The disadvantages of mutual funds is that they have higher fees and lower returns compared to index funds, they are boring, and they offer limited control.
If you’re looking for a simple, low maintenance investing strategy, index funds are the clear winner over mutual funds.
Stocks
Another alternative to GICs is investing in individual stocks.
Stock picking is certainly a skill that can be developed, and if you’re good at it, you can build immense wealth. Think of someone like Warren Buffet, who is one of the richest people on the planet due to his stock-picking skills. But it’s important to note that stock picking isn’t easy. As mentioned above, even mutual fund managers, who are professional investors and have a team around them, often underperform the market.
Because you’ll usually hold a smaller number of stocks relative to an index fund, you tend to be less diversified. This means that a single stock’s performance can have a large impact on your portfolio. As well, depending on the time frame of your investing strategy, you may not know if you’re underperforming the market for a long time.
Stock investing can have the advantage of allowing control, being able to outperform the market indexes, and being an engaging way to invest.
For disadvantages, stocks are higher risk, take more work to invest in successfully, and can have an impact on your emotions and stress levels.
Stocks can be a great part of your portfolio, but due to the risk it’s wise to pair with a lower risk asset such as bonds.
Bonds
Bonds are essentially loans made to governments or companies. When you purchase a bond, they typically have a specified term and interest rate. Typically, higher risk companies (smaller, less established companies) pay higher interest rates than blue-chip companies, and governments pay even less due to the low risk.

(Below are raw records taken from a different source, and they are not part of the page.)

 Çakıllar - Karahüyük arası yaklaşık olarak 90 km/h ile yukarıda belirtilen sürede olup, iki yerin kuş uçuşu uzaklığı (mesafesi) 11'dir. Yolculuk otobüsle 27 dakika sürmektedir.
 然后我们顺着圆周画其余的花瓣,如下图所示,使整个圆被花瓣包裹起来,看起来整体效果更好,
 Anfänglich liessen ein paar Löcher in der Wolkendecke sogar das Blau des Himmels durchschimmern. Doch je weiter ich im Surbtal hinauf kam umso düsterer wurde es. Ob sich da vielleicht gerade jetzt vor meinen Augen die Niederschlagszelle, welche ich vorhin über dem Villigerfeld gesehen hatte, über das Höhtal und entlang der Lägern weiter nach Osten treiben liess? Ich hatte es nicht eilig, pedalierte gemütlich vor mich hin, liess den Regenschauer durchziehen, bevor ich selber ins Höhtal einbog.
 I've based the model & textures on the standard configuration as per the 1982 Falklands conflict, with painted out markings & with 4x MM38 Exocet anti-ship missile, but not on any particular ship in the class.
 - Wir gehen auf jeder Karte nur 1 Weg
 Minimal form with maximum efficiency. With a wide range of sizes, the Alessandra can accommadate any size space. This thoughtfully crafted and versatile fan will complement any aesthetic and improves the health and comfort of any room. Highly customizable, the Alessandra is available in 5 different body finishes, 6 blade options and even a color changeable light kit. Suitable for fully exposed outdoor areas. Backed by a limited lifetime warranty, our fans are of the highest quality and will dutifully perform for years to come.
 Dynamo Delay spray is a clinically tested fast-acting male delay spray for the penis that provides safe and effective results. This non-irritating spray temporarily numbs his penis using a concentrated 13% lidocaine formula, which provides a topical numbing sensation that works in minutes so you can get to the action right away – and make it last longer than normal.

In general, you wouldn’t purchase individual bonds, but rather buy a bond fund such as ZAG.TO. The fund will contain a collection of bonds and pay a regular dividend (often monthly). Bonds are much lower return compared to stocks but are also less risky.

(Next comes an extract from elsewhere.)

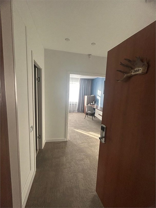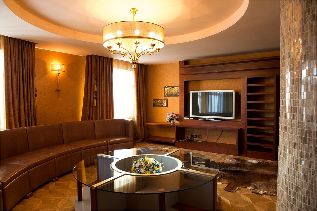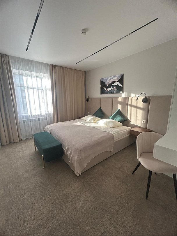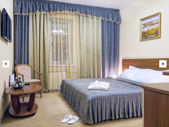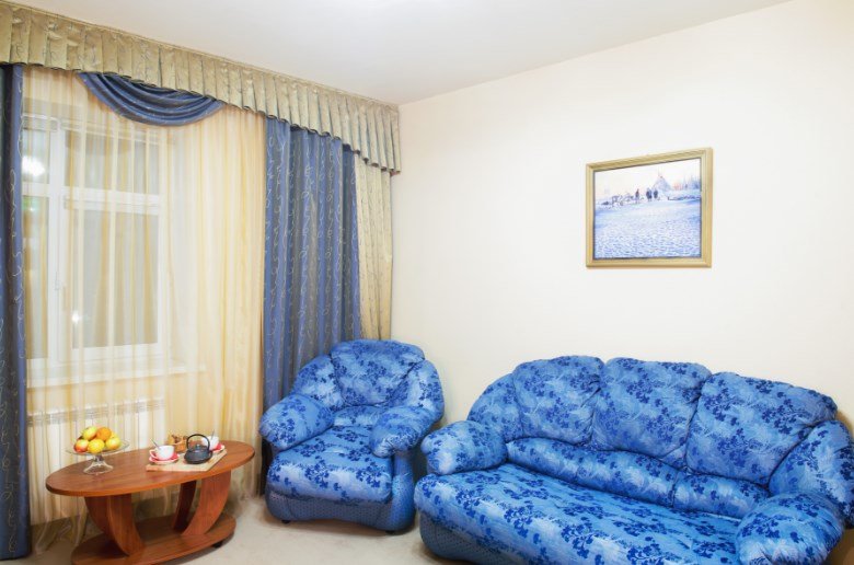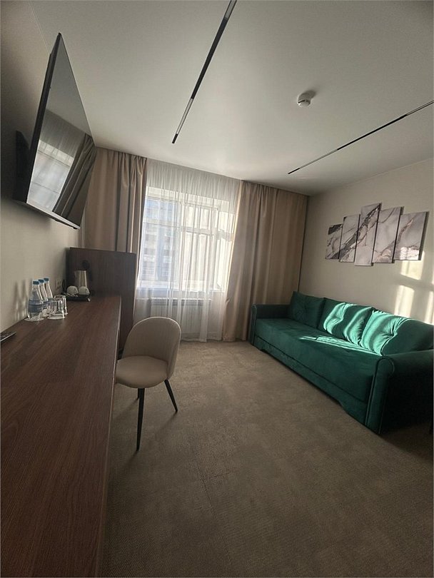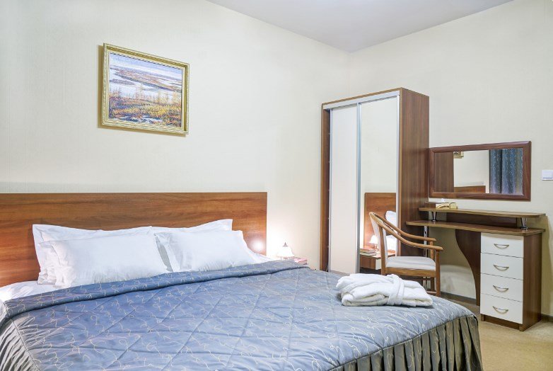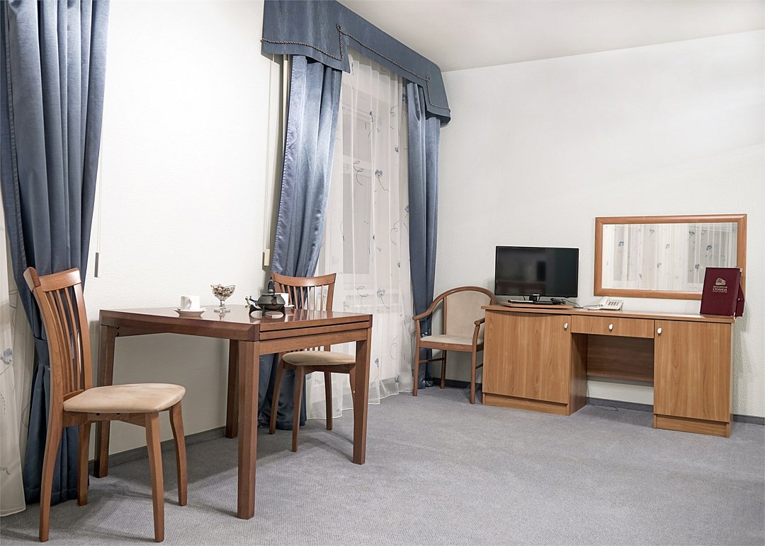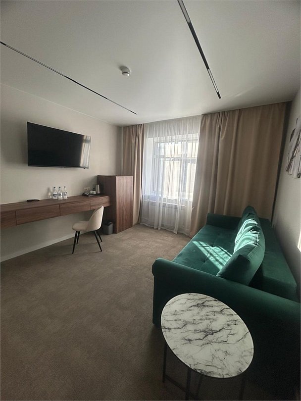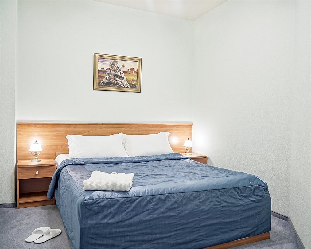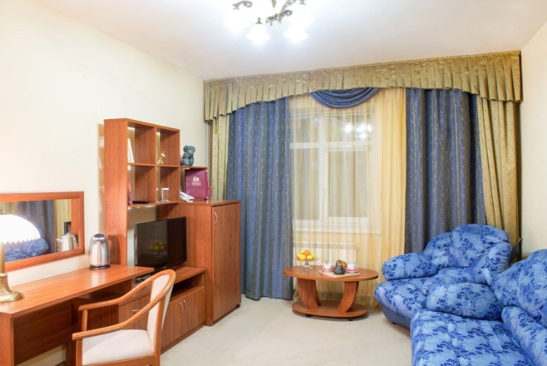 Площадь номера: 42 м². Двухкомнатный номер повышенной комфортности -двуспальная кровать -телевизор в каждой комнате -ванная комната -мягкая мебель -сейф -чайный набор -холодильник -Wi-Fi -платный мини-бар -фумигатор,чайник (по требованию)Услуги и удобства

Bonds have the advantages of being lower risk compared to stocks, paying regular dividends, and being simple to invest in, as you can just purchase a fund.
For disadvantages, bonds provide lower returns compared to stocks.
Bonds and stocks pair very well together to manage risk while also allowing growth. Often you should allocate a portion of your portfolio to each.
High Interest Savings Account
Another alternative to GICs is high interest savings accounts. High interest savings accounts are similar to traditional savings accounts, but typically provide a much higher interest rate.
They are a great option for emergency funds, or for funds that you may need in the short-term, and can’t give up access to (whereas GICs require you to give up access). The interest rate will typically be lower than GICs, but they offer more flexibility.
High-interest savings accounts have the advantages of being very safe, providing more return than a traditional savings account, and providing complete access to your funds.
The disadvantage is that the growth is going to be lower than other options.
Summary
In summary, though GICs may serve a purpose, there are certainly other options available to Canadians.
If you’re looking at a longer time frame (>2 years), investing in stocks, bonds, and/or index funds is recommended (or even a combination of all three). When you have a longer timeframe, you have the ability to weather the volatility, and these options will provide greater growth than a GIC. Mutual funds are not recommended. Again, if you’re looking for passive investing, you’re better off with index funds.
If you have a short timeframe (less than 6 months), or you’re not willing to give up access to your funds, High-Interest Savings Accounts may be a great option. They offer some growth, but also provide ultimate flexibility.
There are infinite potential options for where to put your money, what’s important is finding an allocation that works with your lifestyle and goals.